When you imagine giving to charity, you probably think of writing a generous check or perhaps donating appreciated securities to an organization whose mission is close to your heart. But for charitable-minded investors, C-suite executives or business owners, founders and entrepreneurs, donating privately held assets—such as private C- and S-corporation stock, restricted stock, and limited partnership or LLC interests—may be a particularly tax-efficient and effective funding source alternative.
Such so-called complex assets often have a relatively low cost basis. Indeed, for company founders, the cost basis may be zero. Selling complex assets can generate hefty capital gains triggering significant capital gains tax as well as the 3.8% net investment income tax. Contributing complex assets to a public charity, however, can enable the donor to potentially eliminate capital gains taxes while taking an income tax deduction equal to the fair market value of the donated asset, not just the cost basis.* Additional tax benefits at the state level may be available to those who gift complex assets to a donor-advised fund.
"This strategy can be a win-win situation for the giver and the charity," says Nathan Daley, Vice President and Head of the Complex Asset Group at Fidelity Charitable®, an IRS-qualified 501(c)(3) public charity that sponsors a donor-advised fund program. "We continue to see a significant increase in complex asset donors—including business owners and executives who are going through mergers and acquisitions—who are leveraging a broader spectrum of their assets, such as restricted stock and privately held securities, for charitable purposes."
How to donate complex assets
People who want to donate complex assets find that their options are extremely limited, especially if time is of the essence, whether because of looming exit strategies or year-end charitable giving deadlines. Many charitable organizations do not have gift acceptance policies that permit complex assets; others do not have professionals on staff equipped to review and approve the gifting of certain complex assets. This can result in added professional service fees typically paid by both the charity and the donor.
Charities often advise donors to sell the asset, then contribute the after-tax proceeds to the charity. However, the sale of an appreciated asset may trigger capital gains taxes, reducing the amount available for the charity. Moreover, in this situation, the donor is only able to take a charitable tax deduction for the amount of the post-sale and post-tax cash contribution, not the fair market value of the asset prior to liquidation.
Tip: Read Donating restricted stock and other equity compensation awards to charity.
For many donors and the charities they support, complex asset donations to a public charity with a donor-advised fund (DAF) program can be much more efficient for all stakeholders versus giving these assets directly to one or more charities. With one complex asset donation to a DAF, there is one set of charity acceptance criteria, one set of paperwork supporting the legal transfer, and one set of paperwork for any subsequent sale of the donated asset. This "one-stop shopping" can benefit all the stakeholders: the donor, the governing body of the complex asset (for example, the company or partnership), the lawyers overseeing legal transfers and sale strategies, and the multiple charities that might not have had the ability to accept the complex asset.

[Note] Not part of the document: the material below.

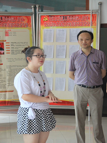2014年7月8日7点30分,太阳成集团tyc151cc“一米阳光”社会实践服务队的9名志愿者在辅导员刘津辰老师的带领下,迎着清晨的第一缕阳光前往内江市残联,展开了第一天的社会实践活动。7点50分,志愿者队伍到达了实践服务地点——内江市残疾人联合会。 8点整,开始了本次实践活动的启动仪式,由志愿者队员彭弋主持。市残联的龙书记,指导老师,工作人员,部分儿童及其家长参加了此次仪式。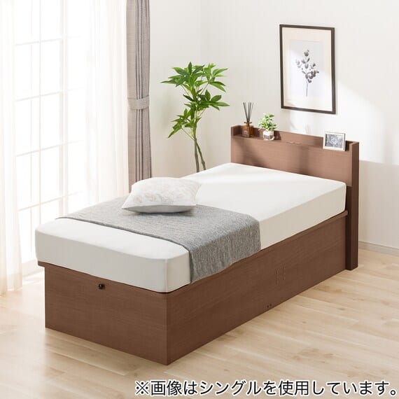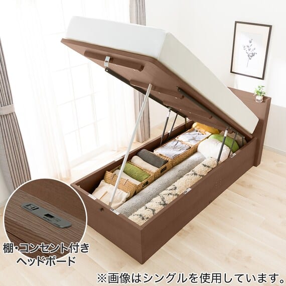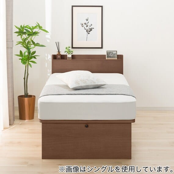 【N-ジオ】シリーズは、横開きと縦開きのタイプがあり、引出しに入らない大きなサイズの物も収納できるうえ、中身を一度に見渡せる大容量収納が魅力です。さらに、ヘッドボードを選べるため、お部屋の雰囲気やライフスタイルに合わせて自分好みのデザインを選びたい方におすすめです。シリンダーで跳ね上げをサポート。マットレスを載せたままラクラク開閉が可能です。

In addition, donating complex assets to a DAF and then recommending multiple grants to charities on your own timetable minimizes significant overhead costs that would be incurred by these stakeholders.
While private foundations may offer similar one-stop shopping efficiencies, donors with private foundations may wish to consider establishing a complementary account at a DAF specifically to donate complex assets because of the potential tax-saving strategies that DAFs can offer donors with complex assets. Specifically, deductions on donations of complex assets to a private foundation are generally limited to the lessor of fair market value (FMV) and cost basis, and they are also limited to 20% of AGI. DAFs, however, generally allow for the deduction of FMV for an appreciated complex asset, and they can usually offer a deduction of up to 30% of AGI.
Donating complex assets via a DAF
In the specific case of donating complex assets, a sponsoring charity of the DAF, such as Fidelity Charitable, accepts responsibility for liquidating the assets in compliance with IRS rules and regulations. This enables operating charities to which donors recommend grants from their DAF to focus on what they do best—fulfilling their charitable mission—rather than undertaking an often-complicated process of getting the charitable contribution right and liquidating the asset in accordance with tax rules and regulations.
The donation of these complex assets to a public charity typically means that donors themselves are eligible for a tax deduction based on the fair market value of the asset* and potentially pay no capital gains tax or net investment income tax upon the subsequent sale by the charity. This double tax benefit allows the highest possible percentage of the asset's value to go to the charitable causes. On the other hand, donations to private foundations are limited to a cost basis deduction.
"Giving cash is generally a more expensive and less tax-efficient way to donate to charity when there are other assets, especially appreciated assets, to choose from," says Daley. "Donating appreciated assets, even if there is no forced capital gain trigger event, allows a donor to 'give away' the appreciated asset and potentially avoid the capital gains."
The first step is to talk with your tax professional. They can help you make smarter tax-advantaged charitable giving choices while also empowering you to support the causes that the matter most to you.